On that 6 RAID0 volumes I've created softraid (mdadm, Debian 8, testing)
2xRAID5 and I stripped it, which resulted in creation of RAID50 array:

Personalities : [raid6] [raid5] [raid4] [raid0]
md0 : active raid0 md2[1] md1[0]
      2339045376 blocks super 1.2 512k chunks
     
md2 : active raid5 sdg1[2] sdf1[1] sde1[0]
      1169653760 blocks super 1.2 level 5, 128k chunk, algorithm 2 [3/3]
[UUU]
      bitmap: 1/5 pages [4KB], 65536KB chunk

md1 : active raid5 sdd1[2] sdc1[1] sdb1[0]
      1169653760 blocks super 1.2 level 5, 128k chunk, algorithm 2 [3/3]
[UUU]
      bitmap: 1/5 pages [4KB], 65536KB chunk

On that raid, I've created ext2 fs:
mkfs.ext2 -b 4096 -E stride=128,stripe-width=512 -vvm1
/dev/mapper/hdd-images -i 4194304

Small benchmarks of sequential read and write (20GiB with echo 3 >
/proc/sys/vm/drop_caches before every test):
*1*. Filesystem benchmark:
read 380 MB/s, write 200MB/s
*2*. LVM volume benchmark:
read 409 MB/s, could not do write test
*3*. RAID device test:
423 MB/s
*4*. When I was reading continuously from 4 SAS virtual drives using dd
then I was able to hit bottleneck of the controller (6GB/s) easly.

I've installed Windows 2012 server, and I've very big problems with
optimal configuration, which allows me to maximize total troughput.

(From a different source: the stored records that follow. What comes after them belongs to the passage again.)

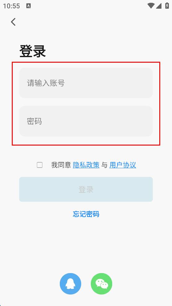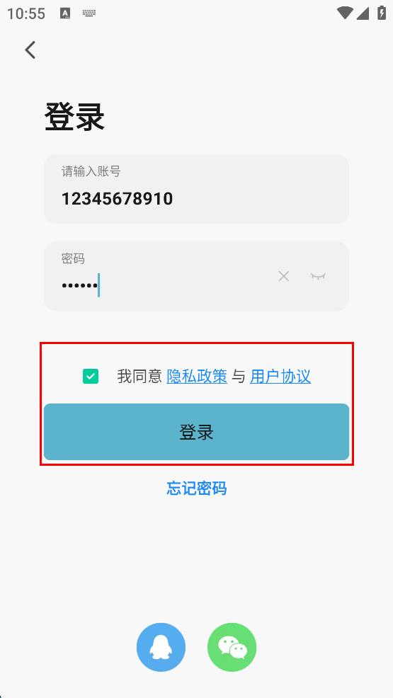 3、在登錄頁(yè)面輸入賬號(hào)和密碼,勾選我同意隱私政策與用戶(hù)協(xié)議。
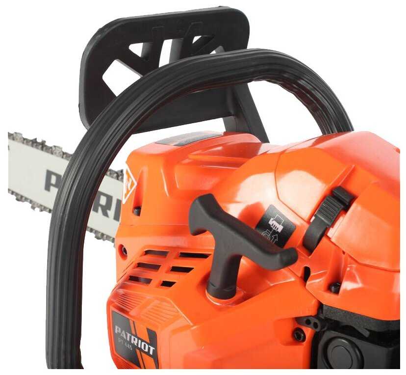 - Двигатель 45 см³ (2150 Вт) уверенно пилит деревья диаметром до 40–50 см.
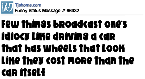 - # 66919 Few things broadcast one's idiocy like driving a car that has wheels that look like they cost more than the car itself.
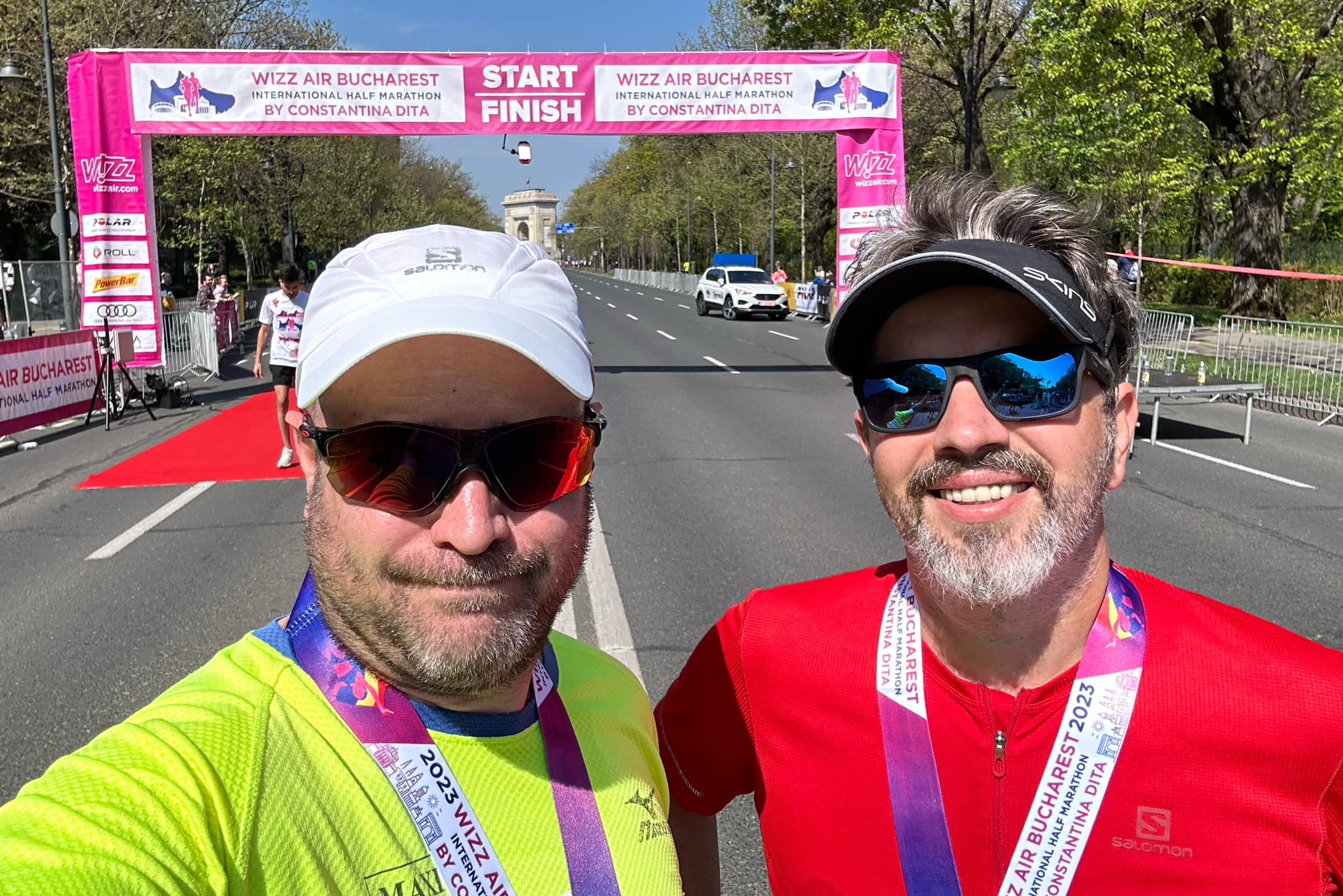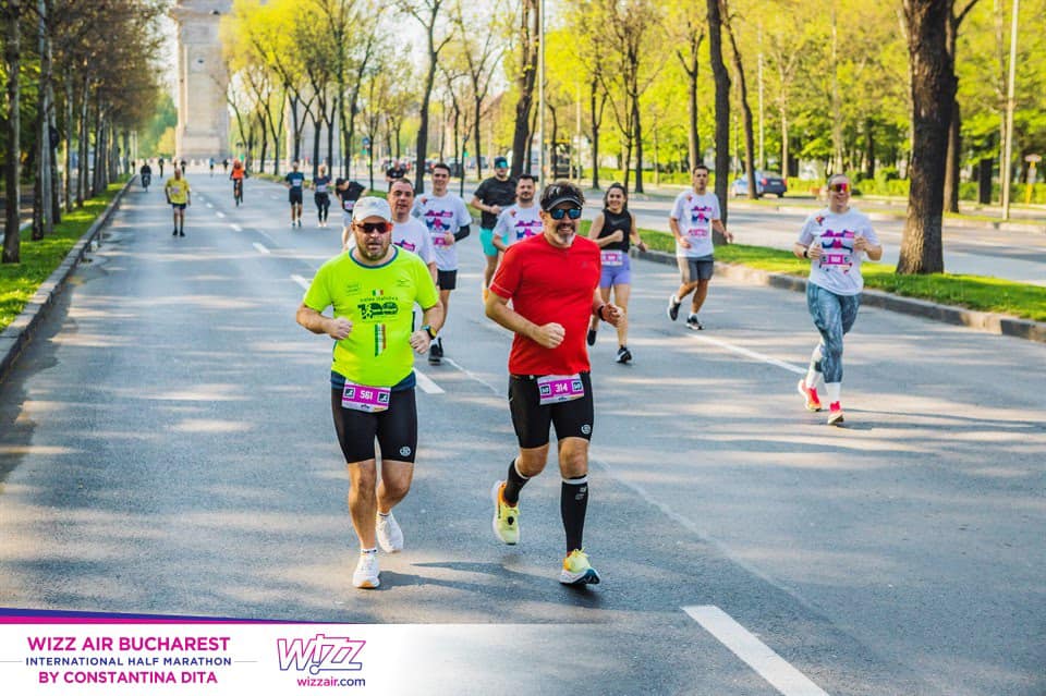Concursul acesta se organizeaza de vreo 7 ani, dar nu stiu care e problema lui de sunt asa de putini participanti. E adevarat ca si pentru mine a fost prima data. Organizarea e buna, traseul e foarte fain cu circulatia oprita. Poti admira Arcul de Triumf de doua ori, bdul Kiseleff, Piata Constintutiei, Piata Unirii, Bulevardul Unirii, Calea Victoriei si altele. Cred ca nu i se face destula publicitate, habar n-am. Cert e ca n-am fost prea multi participanti. La semimaraton am fost 431 de finalisti. In aceste conditii, alergatorii ajung sa fie rasfirati pe traseul la distante mari unii de altii. Orasul a fost destul de gol la ora aceea. Prin anumite interesectii vedeam masinile oprite de politisti si care asteptau sa trecem ca sa le dea drumul. Parca mi-a fost si jena in unele momente ca stau oamenii dupa noi, pana cand trecem “lipa lipa” trancanind ca tatele, in loc sa ne scuipam plamanii alergand de mama focului ? Totusi, in afara acelor 3-4 interesectii, am avut senzatia unei alergari intr-un oras gol. Nu zic ca a fost rau, ca era liniste, in multe locuri auzeam pasarelele cum ne canta si incurajeaza ?
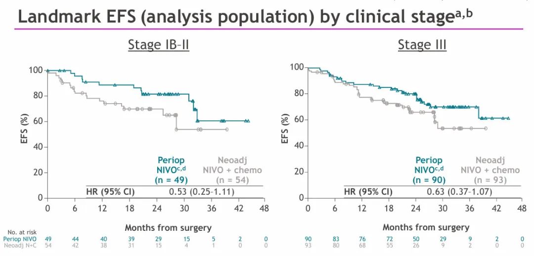 无论肿瘤分期如何,与仅接受新辅助治疗相比,围手术期治疗使EFS结果有所改善,其中IB-II期患者的HR为0.53(95%CI:0.25-1.11),而III期NSCLC患者的HR为0.63(95%CI:0.37-1.07)。
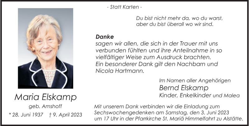 Hier finden Sie alle Traueranzeigen aus der Zeitung, die bisher für Maria Elskamp erschienen sind. Weitere Traueranzeigen, die in der Zeitung erscheinen, werden hier ebenfalls aufgelistet
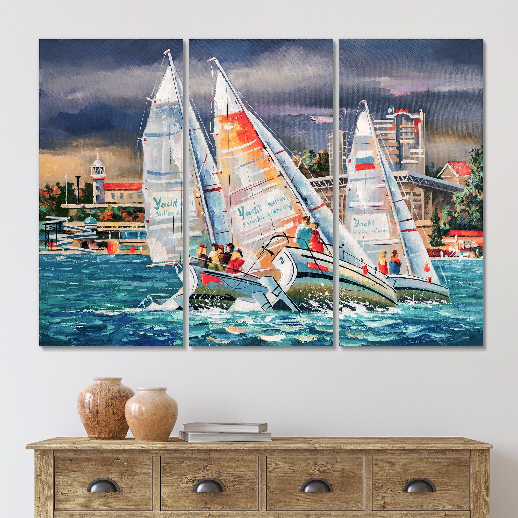 Designart "Regatta Sailboats Arriving At the Finish IV" Nautical & Coastal Canvas Wall Art Print
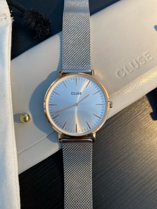 Elegante reloj Cluse con acabado en oro rosa. Incluye una correa de malla metálica y dos correas adicionales de cuero en color rosa. - Estuches originales - Acabado en oro rosa Solo entrega a mano en la zona de Puerto Santiago.
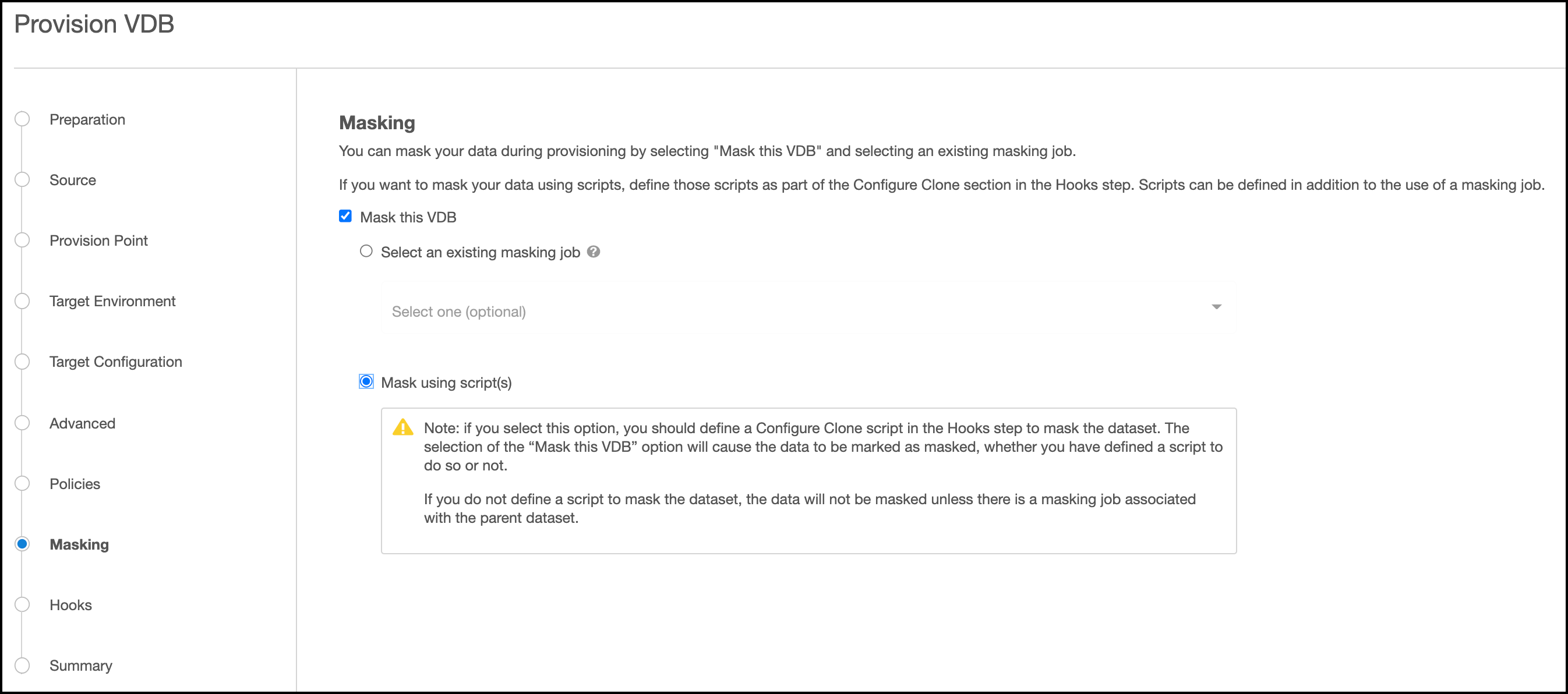 Defining Configure Clone Hooks to Mask VDB: If you choose to mask using script(s), you must define the Configure Clone Hooks to run masking jobs yourself. If you don't define any Configure Clone hooks in the Hooks step, the data will be marked as masked, but it will not be masked.

Best
performance I've got in that configuration:

qemu-system-x86_64 -*enable-kvm* -name XXXX -S -machine
pc-1.1,*accel=kvm*,usb=off -*cpu host* -m 16000 -realtime mlock=off
-*smp 4,sockets=4,cores=1,threads=1* -uuid
d0e14081-b4a0-23b5-ae39-110a686b0e55 -no-user-config -nodefaults
-chardev
socket,id=charmonitor,path=/var/lib/libvirt/qemu/acm-server.monitor,server,nowait
-mon chardev=charmonitor,id=monitor,mode=control -rtc base=localtime
-no-shutdown -boot strict=on -device
piix3-usb-uhci,id=usb,bus=pci.0,addr=0x1.0x2 -device
virtio-serial-pci,id=virtio-serial0,bus=pci.0,addr=0x4 \
    -*drive*
file=/var/lib/libvirt/images/xxx.img,if=none,id=drive-virtio-disk0,format=*raw*,cache=*unsafe
*\*
*    -*device
virtio-blk-pci*,scsi=off,bus=pci.0,addr=0x5,*drive*=drive-virtio-disk0,id=virtio-disk0,bootindex=1\

    -*drive*
file=/dev/mapper/hdd-storage,if=none,id=drive-virtio-disk1,format=*raw*,cache=*unsafe*
\
    -*device*
*virtio-blk-pci*,scsi=off,bus=pci.0,addr=0x7,drive=drive-virtio-disk1,id=virtio-disk1
\
    -*drive*
file=/var/lib/libvirt/images-hdd/storage.img,if=none,id=drive-virtio-disk2,format=*raw*,cache=*unsafe*
\
    -*device*
*virtio-blk-pci*,scsi=off,bus=pci.0,addr=0x8,drive=drive-virtio-disk2,id=virtio-disk2
\
 -netdev tap,fd=24,id=hostnet0,vhost=on,vhostfd=25 -device
virtio-net-pci,netdev=hostnet0,id=net0,mac=52:54:00:f5:b5:b7,bus=pci.0,addr=0x3
-chardev spicevmc,id=charchannel0,name=vdagent -device
virtserialport,bus=virtio-serial0.0,nr=1,chardev=charchannel0,id=channel0,name=com.redhat.spice.0
-device usb-tablet,id=input0 -spice
port=5900,addr=127.0.0.1,disable-ticketing,seamless-migration=on -device
qxl-vga,id=video0,ram_size=67108864,vram_size=67108864,bus=pci.0,addr=0x2 -device
virtio-balloon-pci,id=balloon0,bus=pci.0,addr=0x6 -msg timestamp=on

I was able to get 150MB/s sequential read in VM. Then I've discovered
something extraordinary, when I limited CPU count to one, not four like
before, disk throughput was almost two times bigger. Then I've realized
something:



Qemu creates more than 70 threads and everyone of them tries to write to
disk, which results in:
1. High I/O time.
2. Large latency.
2. Poor sequential read/write speeds.

When I limited number of cores, I guess I limited number of threads as
well. That's why I got better numbers.

I've tried to combine AIO native and thread setting with deadline
scheduler. Native AIO was much more worse.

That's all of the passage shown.